[WORKING DATA]

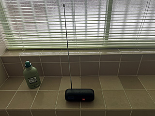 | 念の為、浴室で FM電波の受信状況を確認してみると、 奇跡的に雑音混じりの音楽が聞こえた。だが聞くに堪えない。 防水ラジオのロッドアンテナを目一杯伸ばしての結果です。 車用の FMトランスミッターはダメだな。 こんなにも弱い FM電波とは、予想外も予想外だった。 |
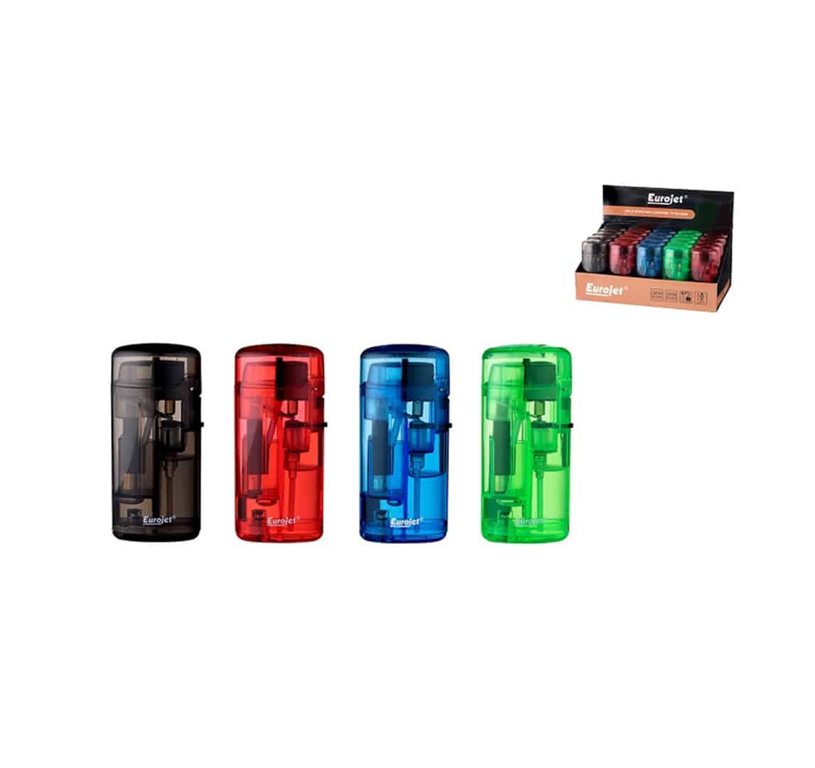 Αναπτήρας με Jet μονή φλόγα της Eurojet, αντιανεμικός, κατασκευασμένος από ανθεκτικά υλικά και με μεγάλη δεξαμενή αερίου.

[/WORKING DATA]
[WORKING DATA]

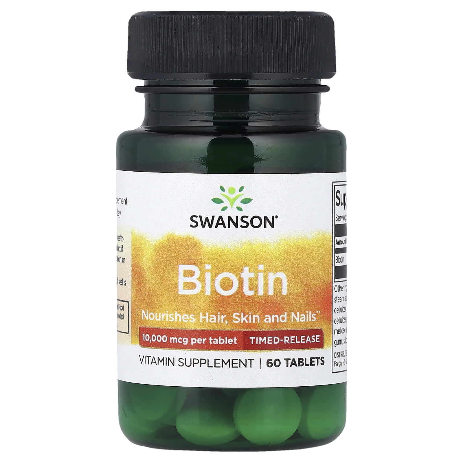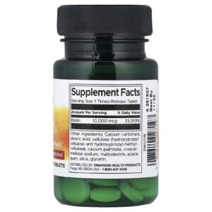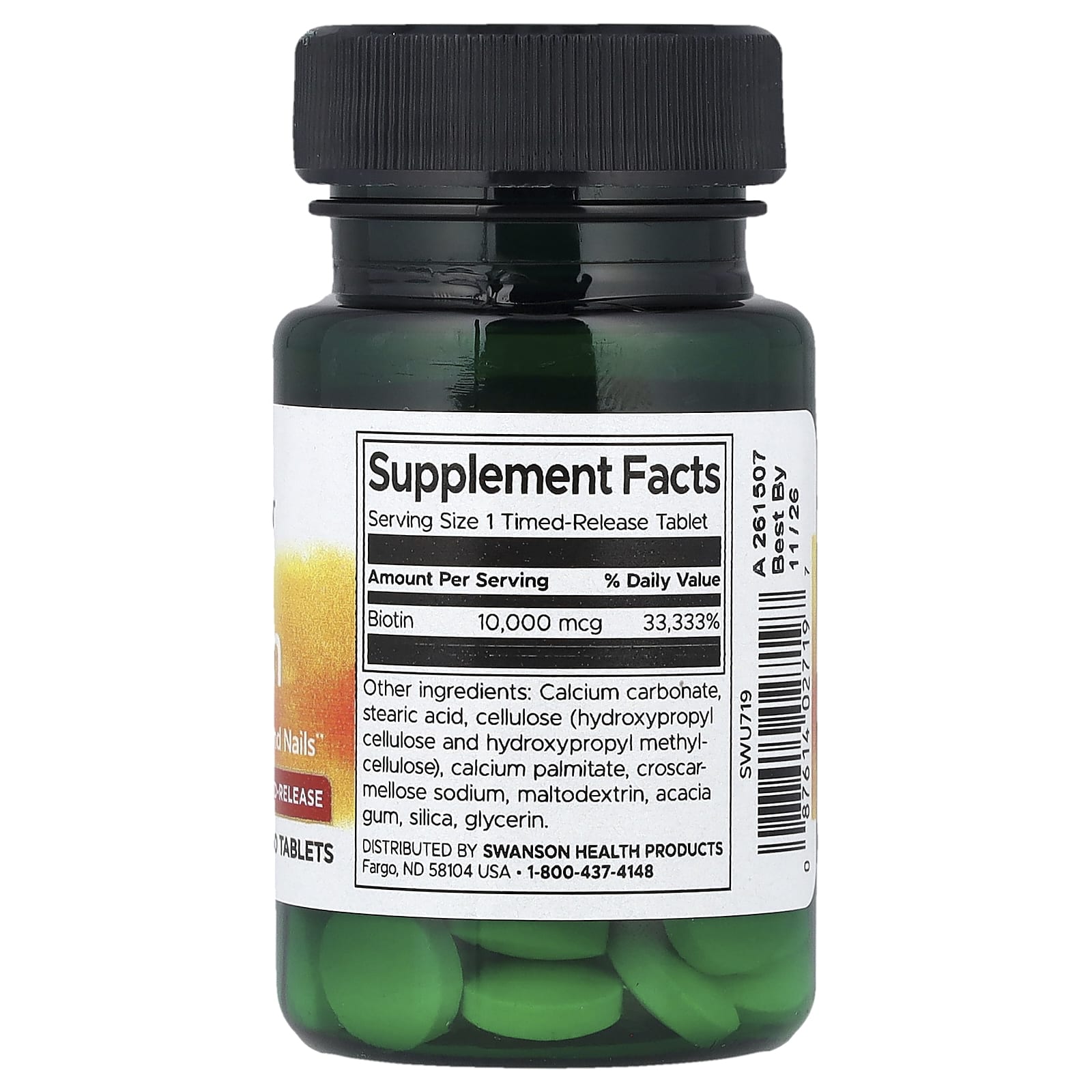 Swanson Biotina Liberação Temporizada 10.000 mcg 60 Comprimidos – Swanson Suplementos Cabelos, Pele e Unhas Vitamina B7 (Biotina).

[/WORKING DATA]

◆ WHAT IS REQUIRED
Leaving out all pictures, set down exactly the lines of the material above, from the line with "こんなにも弱い FM電波とは、予想外も予想外だった。 |" to the line with "Αναπτήρας με Jet" inclusive, and no others.

◆ ANSWER BOX
 | 念の為、浴室で FM電波の受信状況を確認してみると、 奇跡的に雑音混じりの音楽が聞こえた。だが聞くに堪えない。 防水ラジオのロッドアンテナを目一杯伸ばしての結果です。 車用の FMトランスミッターはダメだな。 こんなにも弱い FM電波とは、予想外も予想外だった。 |
 Αναπτήρας με Jet μονή φλόγα της Eurojet, αντιανεμικός, κατασκευασμένος από ανθεκτικά υλικά και με μεγάλη δεξαμενή αερίου.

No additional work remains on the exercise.